The George Dimopoulos team at Johns-Hopkins has scored a nice victory with creation of a refractory genetically modified mosquito (GMM), the performance of which was published in December in PLoS Pathogens: “Engineered Anopheles Immunity to Plasmodium Infection.” (Sorry I didn’t blog on this earlier, but the holidays and whatnot...).
What Dong et al have done is to harness an A. gambiae Rel2 (Rel2-S) transcription factor to the control of a blood meal-inducible carboxylpeptidase (Cp) or vitellogenin (Vg) promoter and transformed this into An. stephensi using piggyBac. Both heterozygotes and homozygotes were studied, though most of the infection experiments were performed on homozygotes and double homozygotes for both effectors. Highly significant levels of reduced infections with Plasmodium falciparum NF45 were observed in all cases. This parasite strain has unusually high levels of parasite numbers, so it’s a knowingly somewhat artificial situation, but experimentally a good choice since it likely strongly challenges the GMM effect.

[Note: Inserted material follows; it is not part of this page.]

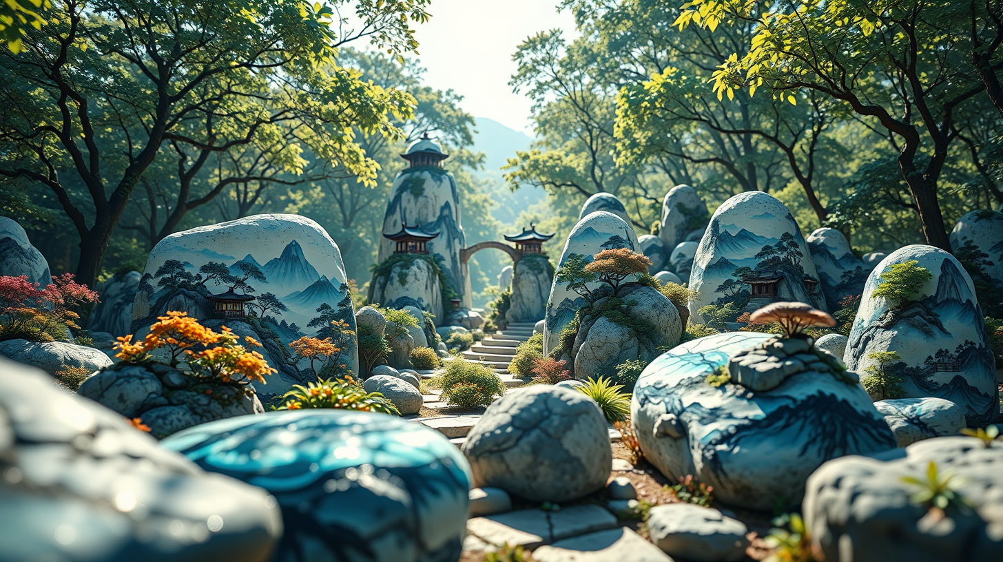 作图提示词:An intimate macro-to-wide shot sequence in the Humble Administrator’s Garden, where programmable matter rock formations respond to visitors’ brainwaves by generating dynamic ink wash animations across their surfaces. The initial tight focus (f/2.8 macro) reveals incredible detail of nanoscale ink particles self-organizing into traditional landscape paintings, then pulls back (24mm at f/8) to show entire rockeries alive with emotionally-responsive artwork. Lighting combines natural dappled sunlight with subtle subsurface scattering from the active nano-pigments, creating a magical interplay of organic and technological aesthetics.

While one would naturally hope for absolute absence of infections in the GMM, that has not yet been accomplished here (or elsewhere as far as I know). Reduced levels of parasites were observed and might be sufficient to have a significant impact on transmission, particularly if the degree of effect observed is also seen in naturally infected mosquitoes: I’d be looking for a lab in a disease endemic country that could do somewhat natural infections with infected blood. Based on longevity and egg numbers, the authors report that there was “only a weakly negative impact of transgene…” on fitness.
I’ve argued previously that it is neither wise nor necessary to wait for the creation of all of the components required for driving refractoriness into wild populations in order to begin assessing their potential. A prudent and effective way to test these mosquitoes is to proceed toward field testing by inundative release of fertile males carrying the transgene. This would almost certainly have an intentionally limited effect spatially and temporally as the transgene would be diluted and quickly disappear. I won’t reiterate that argument here, but suffice to say that I’d like to see efforts to move refractory mosquitoes to field testing in order to ensure that the epidemiological effects are as expected.
Of course this would begin in small contained studies in disease endemic countries to ensure that they are safe and effective in the local mosquito genetic background, but these are not prohibitively difficult studies. On the other hand, since there would be a deliberate effort to put a gene into a wild population, the biosafety considerations would be different from that of e.g. sterile males.
The complexion of genetic control of mosquitoes changes with every year. Technical developments that were formidable years ago are becoming routine. Early assessments that An. gambiae is difficult to transform have been revised, and drive systems that are also effectors are offering new possibilities for overcoming the rightly anticipated disassociation of drive and effect. Still, ideal strains for genetic control of malaria vectors do not exist in my estimation. The strains, or attendant technology for handling them, would provide highly-specific en masse female elimination for release purposes – an objective that is technically within reach if given enough effort. Now if we just had an easier way to keep all those strains.